I didn't see it mentioned though you can create a trust in any name and put yourself and wife or who ever as the trustee and beneficiaries to the account.
Once your kids reach over the age of 18 yrs old you can list them as beneficiaries or modify the trust ( hence you get the term - trust fund babies) Very lucrative tax haven compared to a company.
pls Dyor


----------



## gsp77 (25 May 2021)

Dark1975 said:


> I didn't see it mentioned though you can create a trust in any name and put yourself and wife or who ever as the trustee and benefices to the account.
> Once your kids reach over the age of 18 yrs old you can list them as benefices or modify the trust ( hence you get the term - trust fund babies) Very lucrative tax haven compared to a company.
> pls Dyor



Thanks, do I need kids TFN in the comsec share trading account(trust)?


----------



## Dark1975 (25 May 2021)

gsp77 said:


> Thanks, do I need kids TFN in the comsec share trading account(trust)?



You will need to speak to your accountant first about creating the trust !
Once the accountant has created the trust he will generate through Asic/A.t.o the T.F.N ,
Though more important to discuss the best way to structure the trust , As you can disburse profits to the  beneficiary  or beneficiaries . And unlike a company the payment through the trust is not like a company where it needs to be paid. ( i might stop there 😉) speak to the accountant


----------



## Warr87 (25 May 2021)

Dark1975 said:


> I didn't see it mentioned though you can create a trust in any name and put yourself and wife or who ever as the trustee and beneficiaries to the account.
> Once your kids reach over the age of 18 yrs old you can list them as beneficiaries or modify the trust ( hence you get the term - trust fund babies) Very lucrative tax haven compared to a company.
> pls Dyor




a discretionary trust is also called a family trust. if i have kids in the future they could automatically be added as beneficiaries due to the enacted trust deed. be careful with having a non-incorporated trustee. with an incorporated trustee, you simply change the director of the company. otherwise it could be difficult to change who the trustee is.

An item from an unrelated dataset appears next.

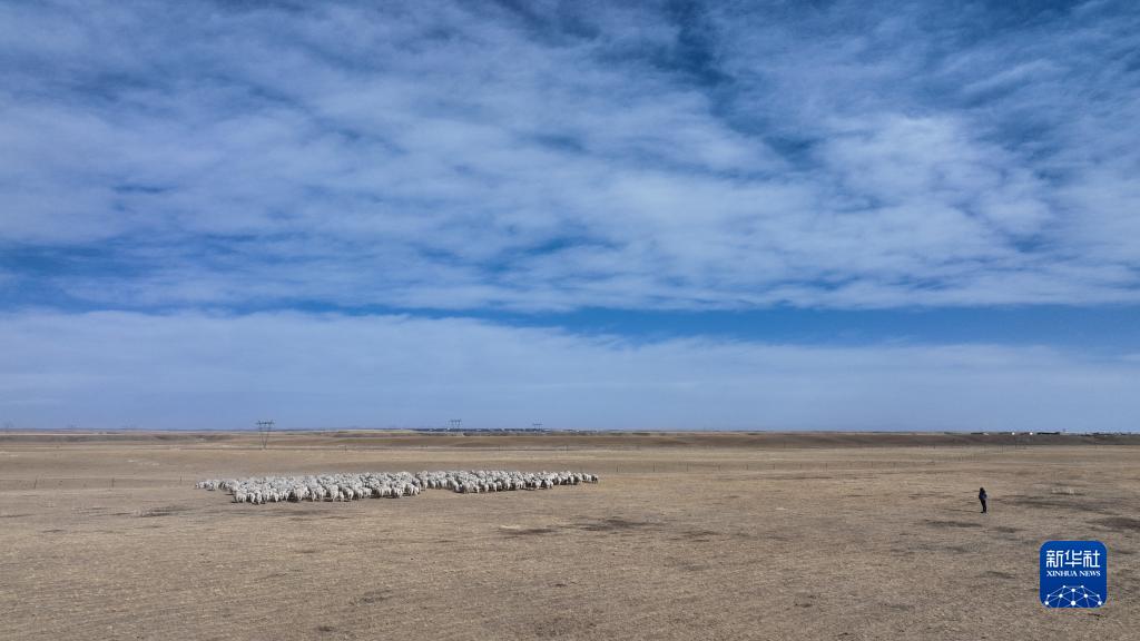 1月12日,牧民在青海省海北藏族自治州剛察縣泉吉鄉放牧(無(wú)人機照片)。

i'm not sure but kids can be beneficiaries even before they turn 18. but they still get taxed.

i have a CPA do my returns as there is more involved in this structure.


----------



## Dark1975 (25 May 2021)

Warr87 said:


> a discretionary trust is also called a family trust. if i have kids in the future they could automatically be added as beneficiaries due to the enacted trust deed. be careful with having a non-incorporated trustee. with an incorporated trustee, you simply change the director of the company. otherwise it could be difficult to change who the trustee is.
> 
> i'm not sure but kids can be beneficiaries even before they turn 18. but they still get taxed.
> 
> i have a CPA do my returns as there is more involved in this structure.



Yes that's correct .
My first post stated tho to put kids as a beneficiary after they turn 18, And did mention he should speak to his accountant 😉


----------



## Belli (25 May 2021)

Warr87 said:


> with an incorporated trustee, you simply change the director of the company. otherwise it could be difficult to change who the trustee is.

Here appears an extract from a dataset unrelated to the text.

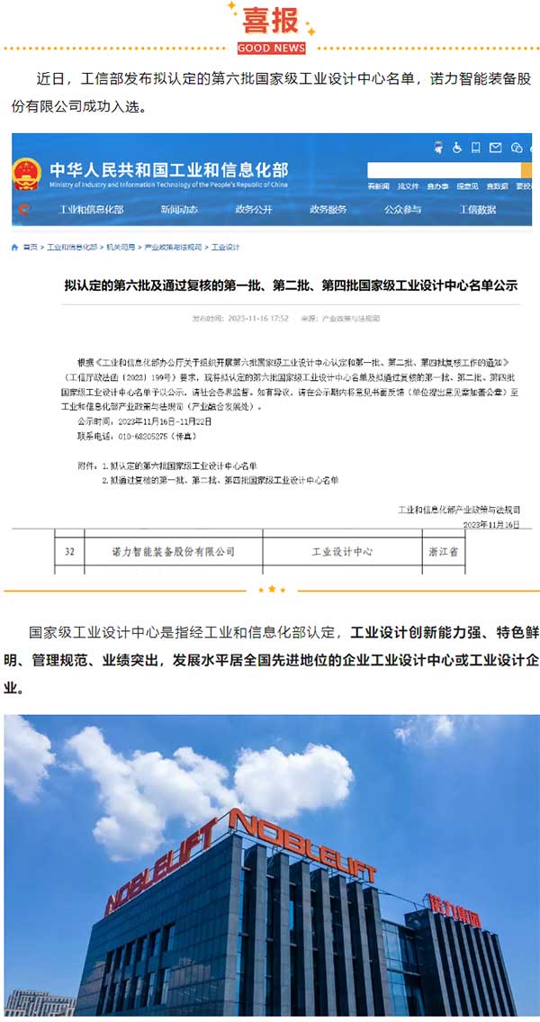 国家级荣誉+1丨诺力智能入选国家级工业设计中心名单

Not so difficult if the appointer, who has ultimate control over the wealth of the trust and can hire or fire the trustee, decides to exercise that right.


----------



## Warr87 (25 May 2021)

Belli said:


> Not so difficult if the appointer, who has ultimate control over the wealth of the trust and can hire or fire the trustee, decides to exercise that right.



was thinking more about the untimely passing of the trustee. can't remember if that would mean the unwinding of the trust but either way, i'm a fan of a coporate trustee. but everyones circumstances are different.


----------



## Belli (25 May 2021)

Warr87 said:


> was thinking more about the untimely passing of the trustee. can't remember if that would mean the unwinding of the trust but either way, i'm a fan of a coporate trustee. but everyones circumstances are different.




The constitution of the company probably or hopefully references Section 1072A, 1072B and 1072D of the Corporations Act to cover that situation - as well as mental impairment and bankruptcy.






						CORPORATIONS ACT 2001 - SECT 1072A Transmission of shares on death (replaceable rule--see section 135)
					






					www5.austlii.edu.au


----------



## Belli (26 May 2021)

Warr87 said:


> was thinking more about the untimely passing of the trustee. can't remember if that would mean the unwinding of the trust but either way, i'm a fan of a coporate trustee. but everyones circumstances are different.






Belli said:


> The constitution of the company probably or hopefully references Section 1072A, 1072B and 1072D of the Corporations Act to cover that situation - as well as mental impairment and bankruptcy.
> 
> 
> 
> ...




@Warr87 one consideration is to think about gifting your shares in non-fixed and fixed trusts to your Executor via a Will.   That would be passing effective control.  Legal advice though so best to discuss this will a solicitor well versed in these matters.


----------